For those who don’t know what a knife edge is, it’s a jagged part of the mountain that juts up from the earth, resembling a sort of sharp knife. On either side of the “knife” edge are sheer drops one can only wish to never fall down, as it would likely result in mere death.
In Wikipedia terms, a knife edge is also called an arête. Arête is actually French for edge or ridge, and is a narrow ridge of rock that separates two valleys, which is often sharpened by freezing-thawing weather and continuous erosion.

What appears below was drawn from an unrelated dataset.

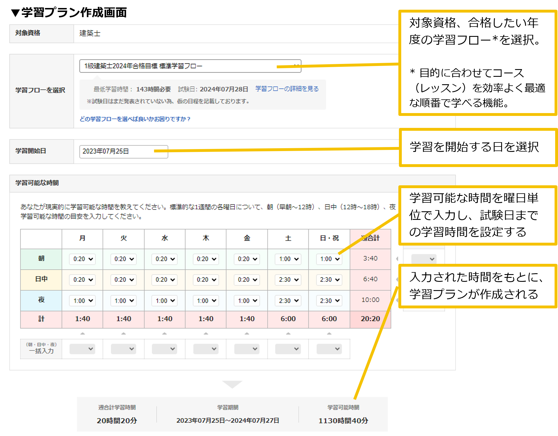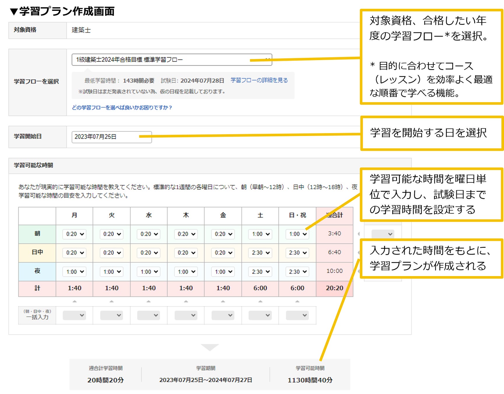 今回、スタディング1級建築士講座で「AI学習プラン」を導入することにより、受講者一人ひとりに合った効率的な学習計画を利用いただけるようになります。AI学習プランは、学習をスタートする日と受講者が確保できる学習時間を入力することで、AIが、過去の受講者による膨大な学習履歴データを分析して、最も得点が伸ばしやすい試験日までのスケジュールを個別に作成します。講座受講者は、AI学習プランを見れば「今日、何をどこまでやればいいのか」がわかるので、学習の進め方に悩まず、貴重な学習時間を最大限に活用して、効率的に試験合格を目指せます。

Blencanthra’s Sharp Edge, in particular, was aptly described by hiker and author Alfred Wainwright, “The crest itself is sharp enough for shaving (the former name was razor edge).”
And as someone who has now successfully crossed this terrifying, yet exhilarating knife edge, I can wholeheartedly say “razor edge” is a better name for the Sharp Edge of Blencathra.
Anyways, here’s my recap and guide to hiking Blencathra via Sharp Edge in the Lake District on a circular route from The White Horse pub. (As both a knife edge newbie and amateur hiker.)
HIKING BLENCATHRA VIA SHARP EDGE IN THE LAKE DISTRICT
In the sections below, I cover quick stats about the Blencathra circular route we took (including hiking time, elevation gain, and distance), a visual map of our circular route, my personal recap of what it was like to cross Sharp Edge as a newbie, and my favorite hiking gear.
Quick Route Stats
- Height in Feet: 2,848 feet
- Height in Metres: 868 meters
- Route Type: Loop / Circular Route
- Hiking Time from The White Horse: around 5.5 hours (with frequent breaks)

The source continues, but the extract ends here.